We'll pass our tool definitions to the messages API and ask Claude to perform the analysis. Read the docs on implementing tool use if you are not familiar with how tool use works with Claude's API.
import json
import anthropic
from utils.team_expense_api import get_custom_budget, get_expenses, get_team_members
client = anthropic.Anthropic()
# Tool definitions for the team expense API
tools = [
{
"name": "get_team_members",
"description": 'Returns a list of team members for a given department. Each team member includes their ID, name, role, level (junior, mid, senior, staff, principal), and contact information. Use this to get a list of people whose expenses you want to analyze. Available departments are: engineering, sales, and marketing.\n\nRETURN FORMAT: Returns a JSON string containing an ARRAY of team member objects (not wrapped in an outer object). Parse with json.loads() to get a list. Example: [{"id": "ENG001", "name": "Alice", ...}, {"id": "ENG002", ...}]',
"input_schema": {
"type": "object",
"properties": {
"department": {
"type": "string",
"description": "The department name. Case-insensitive.",
}
},
"required": ["department"],
},
"input_examples": [
{"department": "engineering"},
{"department": "sales"},
{"department": "marketing"},
],
},
{
"name": "get_expenses",
"description": "Returns all expense line items for a given employee in a specific quarter. Each expense includes extensive metadata: date, category, description, amount (in USD), currency, status (approved, pending, rejected), receipt URL, approval chain, merchant name and location, payment method, and project codes. An employee may have 20-50+ expense line items per quarter, and each line item contains substantial metadata for audit and compliance purposes. Categories include: 'travel' (flights, trains, rental cars, taxis, parking), 'lodging' (hotels, airbnb), 'meals', 'software', 'equipment', 'conference', 'office', and 'internet'. IMPORTANT: Only expenses with status='approved' should be counted toward budget limits.\n\nRETURN FORMAT: Returns a JSON string containing an ARRAY of expense objects (not wrapped in an outer object with an 'expenses' key). Parse with json.loads() to get a list directly. Example: [{\"expense_id\": \"ENG001_Q3_001\", \"amount\": 1250.50, \"category\": \"travel\", ...}, {...}]",
"input_schema": {
"type": "object",
"properties": {
"employee_id": {
"type": "string",
"description": "The unique employee identifier",
},
"quarter": {
"type": "string",
"description": "Quarter identifier: 'Q1', 'Q2', 'Q3', or 'Q4'",
},
},
"required": ["employee_id", "quarter"],
},
"input_examples": [
{"employee_id": "ENG001", "quarter": "Q3"},
{"employee_id": "SAL002", "quarter": "Q1"},
{"employee_id": "MKT001", "quarter": "Q4"},
],
},
{
"name": "get_custom_budget",
"description": 'Get the custom quarterly travel budget for a specific employee.
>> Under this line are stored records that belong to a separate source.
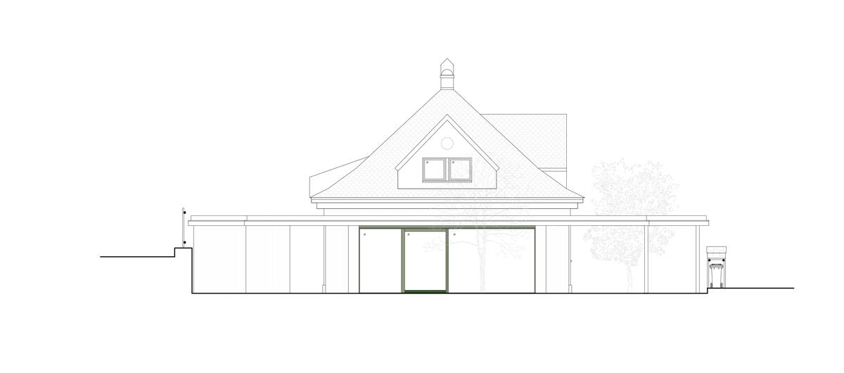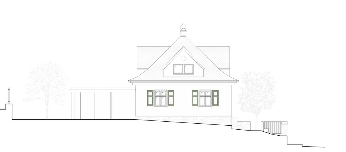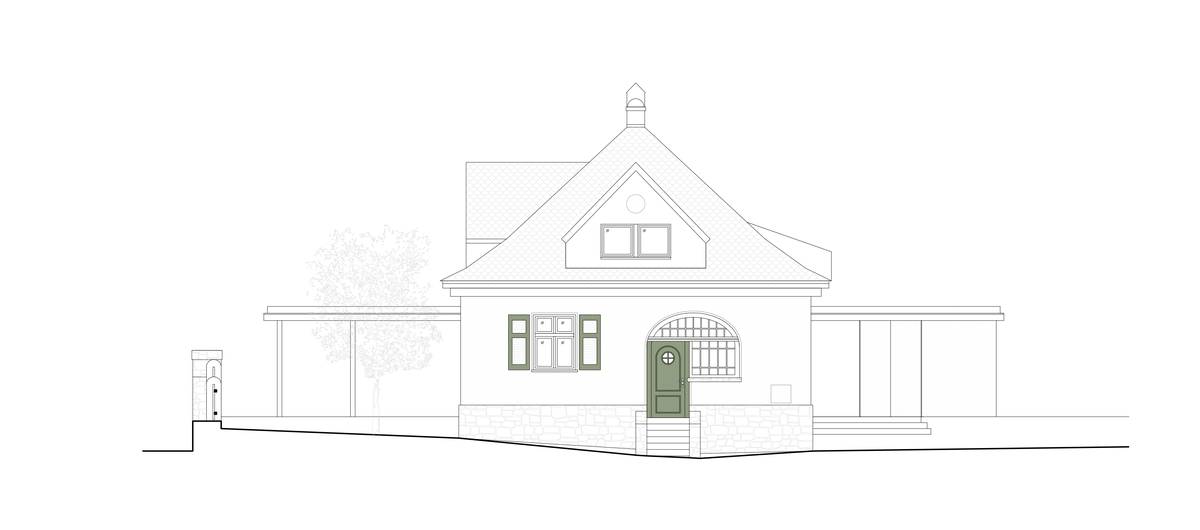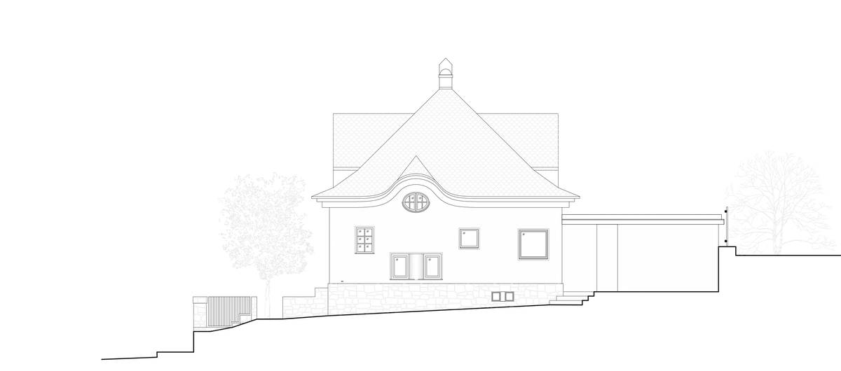 Garáž byla odstraněna. V původní podobě byl dům bez ní.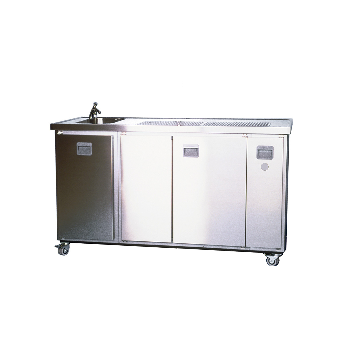 Unser Mobiltheke MT4 bieten eine Raum- und Durchlaufkühlung. Die Abdeckung ist in Edelstahl gehalten und verfügt über einen Wulstrand und tiefgezogenem Tropfblech. Die Türfronten und Blenden sind ebenfalls in Edestahl und weisen eine Anti-Fingerprint-Beschichtung auf. Der Boden besteht aus spezialbeschichteten Stahlblech inklusive Fassstoßkante. Durch den stabilen Rahmen mit 4 Lenkrollen (2 davon feststellbar) ist die Theke mobil einsetzbar.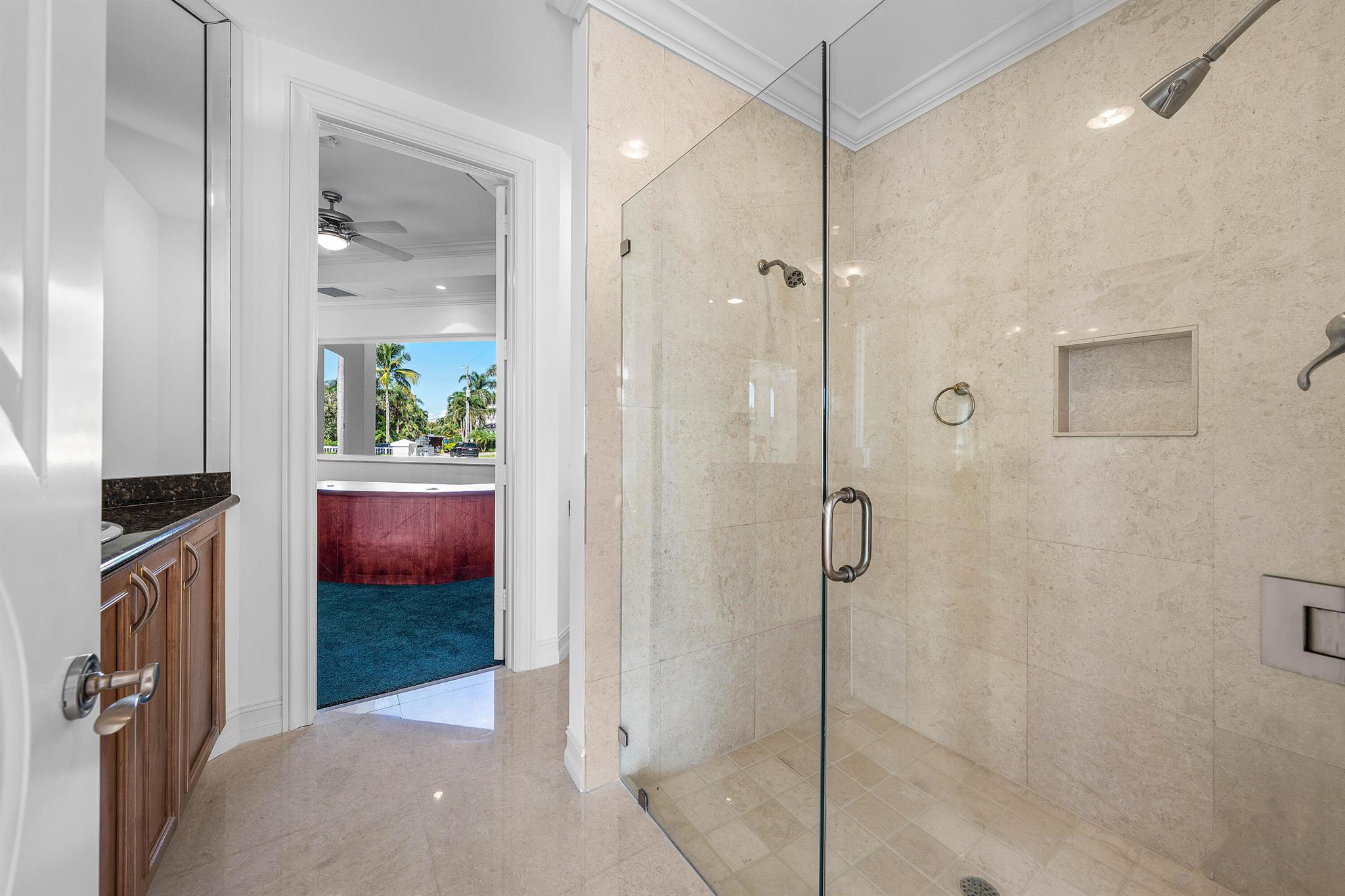 This extraordinary waterfront residence offers over 7,300 square feet under air, plus an additional 2,000 square feet of covered outdoor living space and balconies, creating a seamless indoor-outdoor lifestyle. Thoughtfully designed for both elegance and comfort, the home features five bedrooms and nine bathrooms, including two primary suites, one on each level. Situated on a coveted point lot in Delray Beach, the property boasts 126 feet of direct Intracoastal frontage and 125 feet of canal frontage, with direct ocean access and no fixed bridges. Boating amenities include a 50-foot dock with electric service, ample room to extend, and a 100-foot-wide canal, allowing for effortless yacht maneuvering and docking. From the moment you enter, you are greeted by panoramic water views

Most employees have a standard $5,000 quarterly travel budget. However, some employees have custom budget exceptions based on their role requirements. This function checks if a specific employee has a custom budget assigned.\n\nRETURN FORMAT: Returns a JSON string containing a SINGLE OBJECT (not an array). Parse with json.loads() to get a dict. Example: {"user_id": "ENG001", "has_custom_budget": false, "travel_budget": 5000, "reason": "Standard", "currency": "USD"}',
"input_schema": {
"type": "object",
"properties": {
"user_id": {
"type": "string",
"description": "The unique employee identifier",
}
},
"required": ["user_id"],
},
"input_examples": [
{"user_id": "ENG001"},
{"user_id": "SAL002"},
{"user_id": "MKT001"},
],
},
]
tool_functions = {
"get_team_members": get_team_members,
"get_expenses": get_expenses,
"get_custom_budget": get_custom_budget,
}Traditional Tool Calling (Baseline)
In this first example, we'll use traditional tool calling to establish our baseline.
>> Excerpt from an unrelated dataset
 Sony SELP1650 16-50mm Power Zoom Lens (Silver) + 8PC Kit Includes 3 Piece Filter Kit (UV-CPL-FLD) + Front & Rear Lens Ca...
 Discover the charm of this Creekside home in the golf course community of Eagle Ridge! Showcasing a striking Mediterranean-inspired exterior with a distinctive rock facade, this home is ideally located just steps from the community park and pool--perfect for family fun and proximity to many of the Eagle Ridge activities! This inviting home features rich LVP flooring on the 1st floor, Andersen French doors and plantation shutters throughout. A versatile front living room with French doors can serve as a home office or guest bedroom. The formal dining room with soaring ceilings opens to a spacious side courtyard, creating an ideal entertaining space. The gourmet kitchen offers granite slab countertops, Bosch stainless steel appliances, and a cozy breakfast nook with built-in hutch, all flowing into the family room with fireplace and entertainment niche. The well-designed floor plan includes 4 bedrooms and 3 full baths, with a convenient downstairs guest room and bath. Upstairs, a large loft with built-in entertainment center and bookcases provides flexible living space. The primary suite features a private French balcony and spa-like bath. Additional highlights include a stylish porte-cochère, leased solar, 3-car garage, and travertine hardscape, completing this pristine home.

We'll call the messages.create API with our initial query. When the model stops with a tool_use reason, we will execute the tool as requested, and then add the output from the tool to the messages and call the model again.
import time
from anthropic.types import TextBlock, ToolUseBlock
from anthropic.types.beta import (
BetaMessageParam as MessageParam,
)
from anthropic.types.beta import (
BetaTextBlock,
BetaToolUseBlock,
)
messages: list[MessageParam] = []
def run_agent_without_ptc(user_message):
"""Run agent using traditional tool calling"""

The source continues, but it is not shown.